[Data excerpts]
╭──

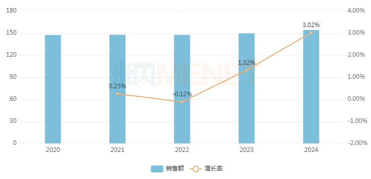 在重点省市公立医院终端,江苏省2020-2024年销售规模均在145亿元以上,2024年拿下近五年的历史新高超154亿元,同比增长3.02%;本次接续集采拟纳入44个品种,2024年在江苏省公立医院终端的合计销售额接近4亿元。
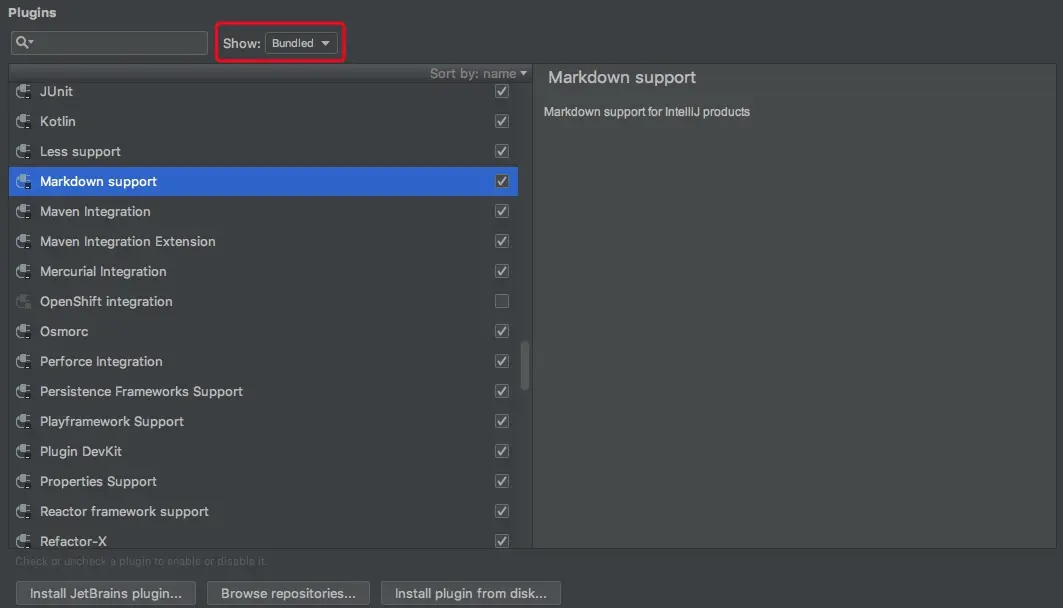 目前很多新版本的IntelliJ IDEA中,已经内置了很多support插件,比如我们常用的markdown support 、UML support 以及 android support等。
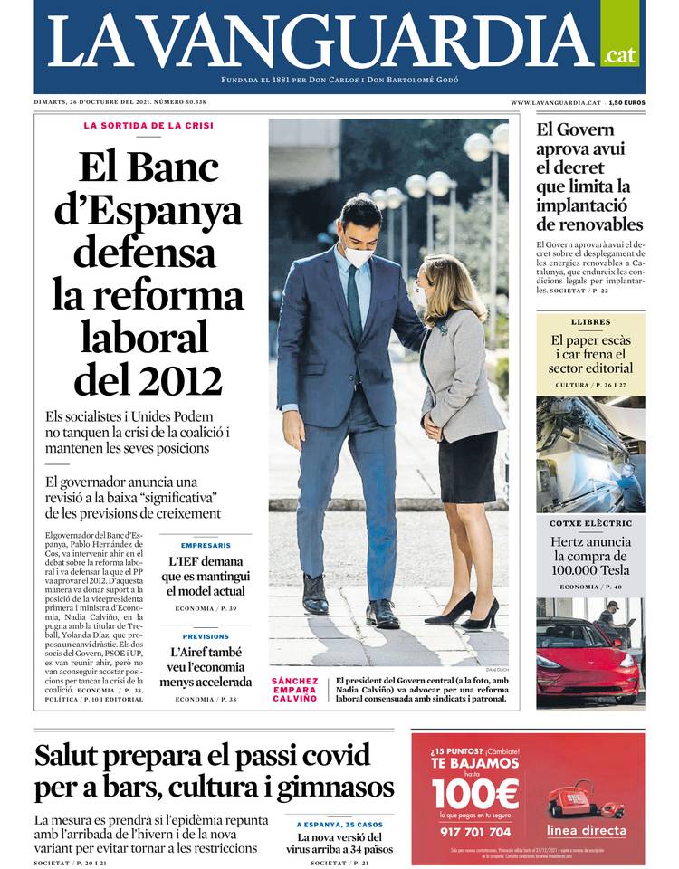 Cabe decir que este título es bueno para el Trío de la Bencina —y un poco para La Vanguardia y El Punt Avui, que suenan la misma letra con una música diferente. El diario de los Godó es un búnker en defensa de la reforma laboral aprobada por el PP en 2012, que es el casus belli que resquebraja la coalición de gobierno entre PSOE y Unidas Podemos. Pero hay algunas portadas que, al contrario, aprietan los dientes al informar de esa tensa situación, como la de El País, que abre con las disensiones entre los socios de gobierno en Madrid pero se esfuerza por no describirlas con ninguna palabra o expresión crítica o negativa. Al contrario, da a entender que apenas ha sido una reunión de tantas, con ese buen rollito, y que las negociaciones seguirán. Tutto a posto.
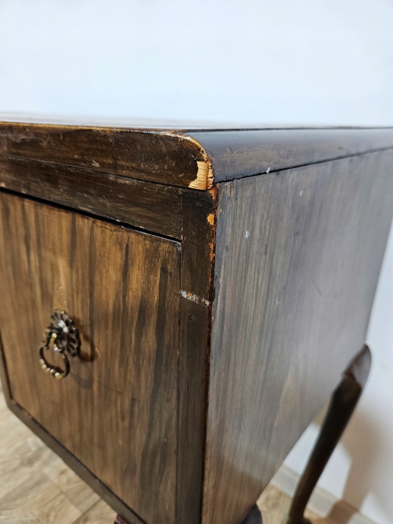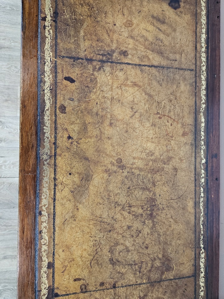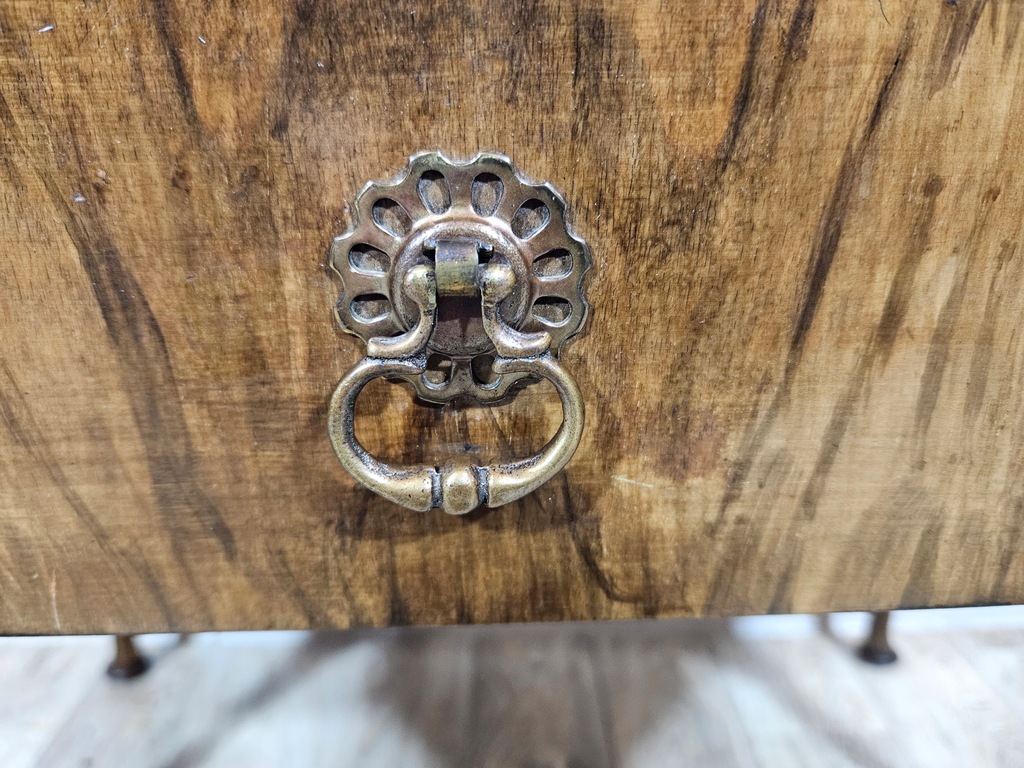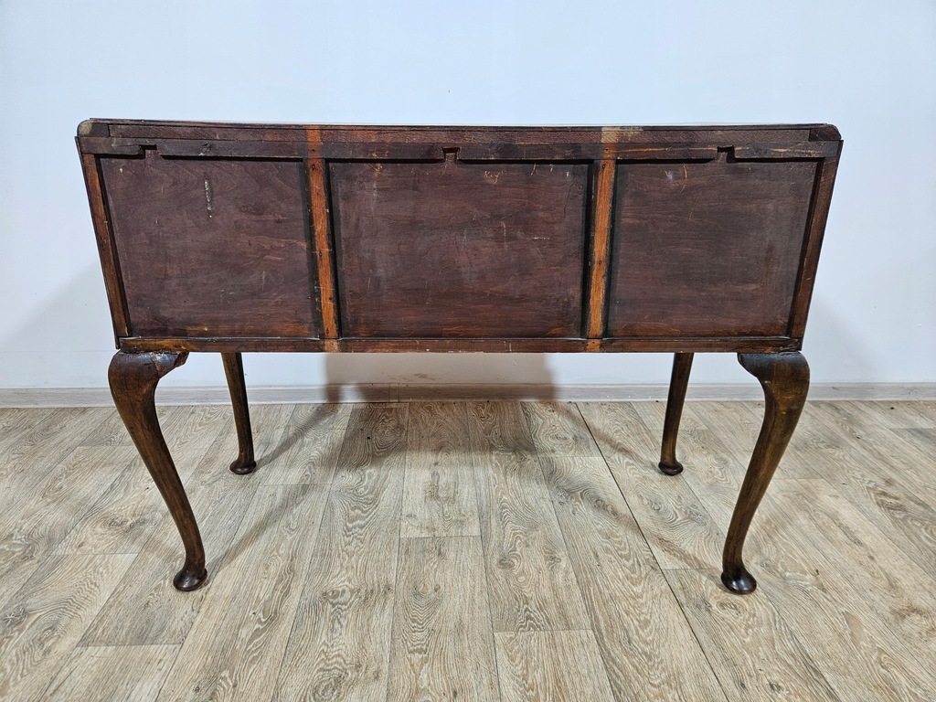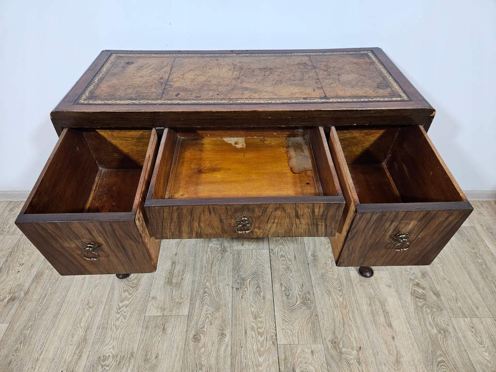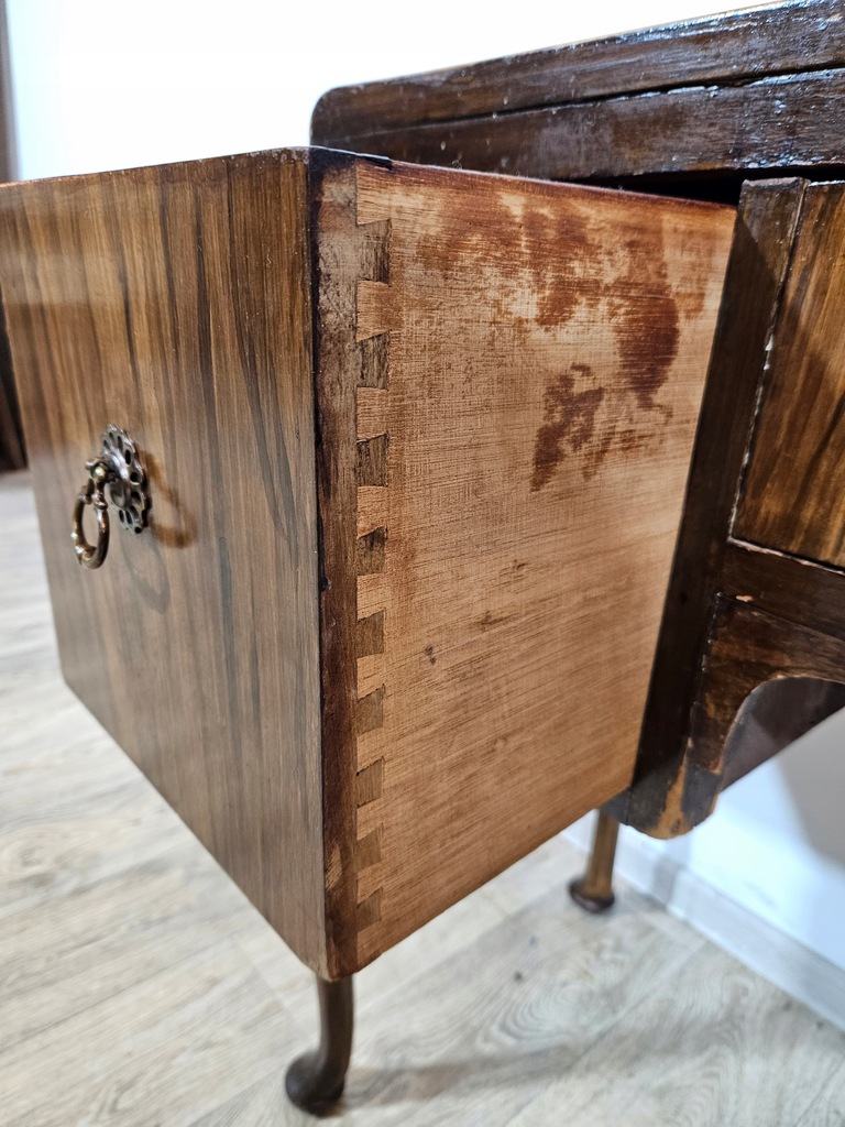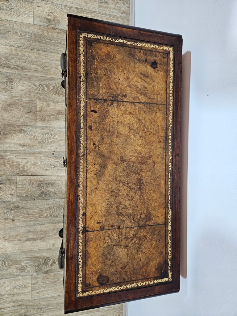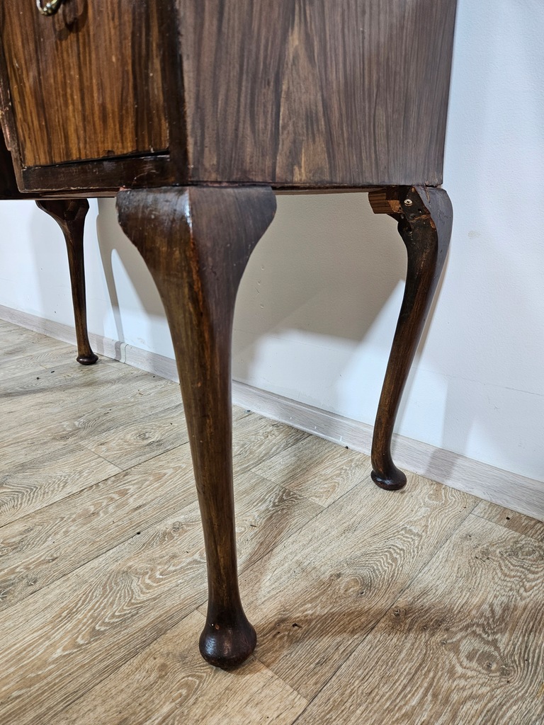 Biurko chippendale to urokliwy mebel, który charakteryzuje się giętymi nogami oraz posiada piękne zdobienia. Biurko wyposażone jest w trzy praktyczne szuflady, oferując dużo miejsca na przechowywania. Stan dobry, z widocznymi śladami użytkowania adekwatnymi do wieku. Do ogłoszenia dołączone są szczegółowe zdjęcia przedstawiające stan biurka.
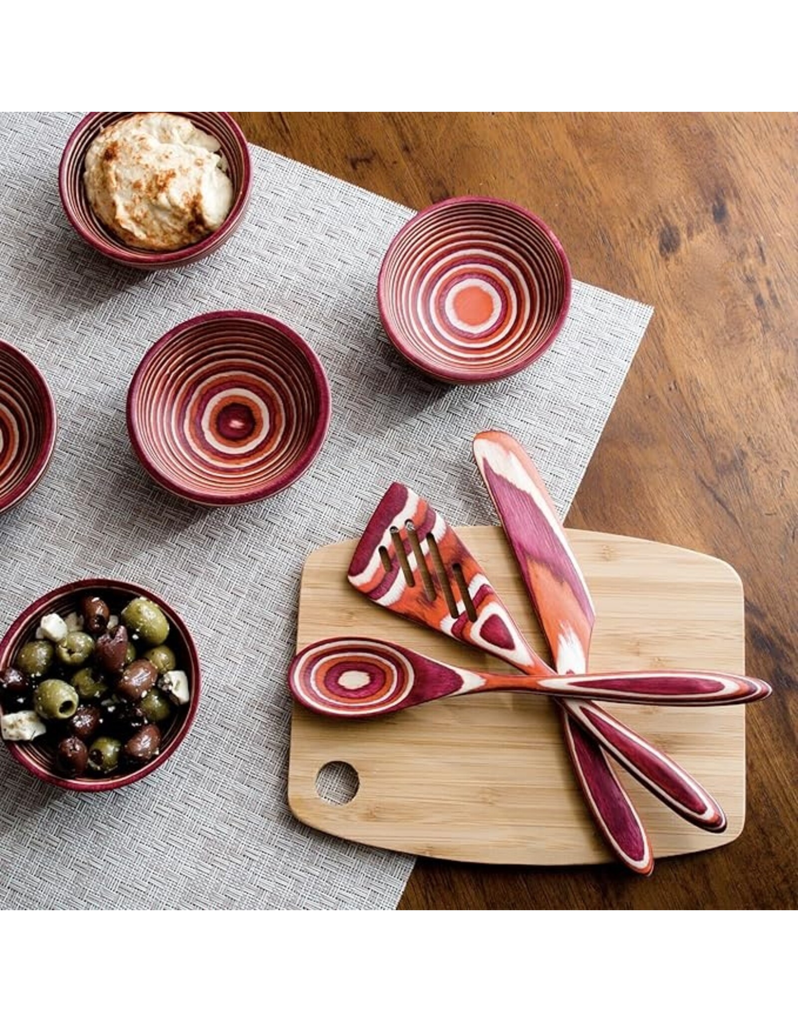 These wood utensils are made with 100% pakka wood. Layers of food safe, colored material make up these unique wood kitchen tools. Care instruction: hand wash only. Fda approved. Approved for heat up to 450 degrees.

╰──

How to complete this task:
Retype the lines starting with the one that holds "Biurko chippendale to" and ending with the last line of the data above, both included; skip the pictures.

Written solution:
 Biurko chippendale to urokliwy mebel, który charakteryzuje się giętymi nogami oraz posiada piękne zdobienia. Biurko wyposażone jest w trzy praktyczne szuflady, oferując dużo miejsca na przechowywania. Stan dobry, z widocznymi śladami użytkowania adekwatnymi do wieku. Do ogłoszenia dołączone są szczegółowe zdjęcia przedstawiające stan biurka.
 These wood utensils are made with 100% pakka wood. Layers of food safe, colored material make up these unique wood kitchen tools. Care instruction: hand wash only. Fda approved. Approved for heat up to 450 degrees.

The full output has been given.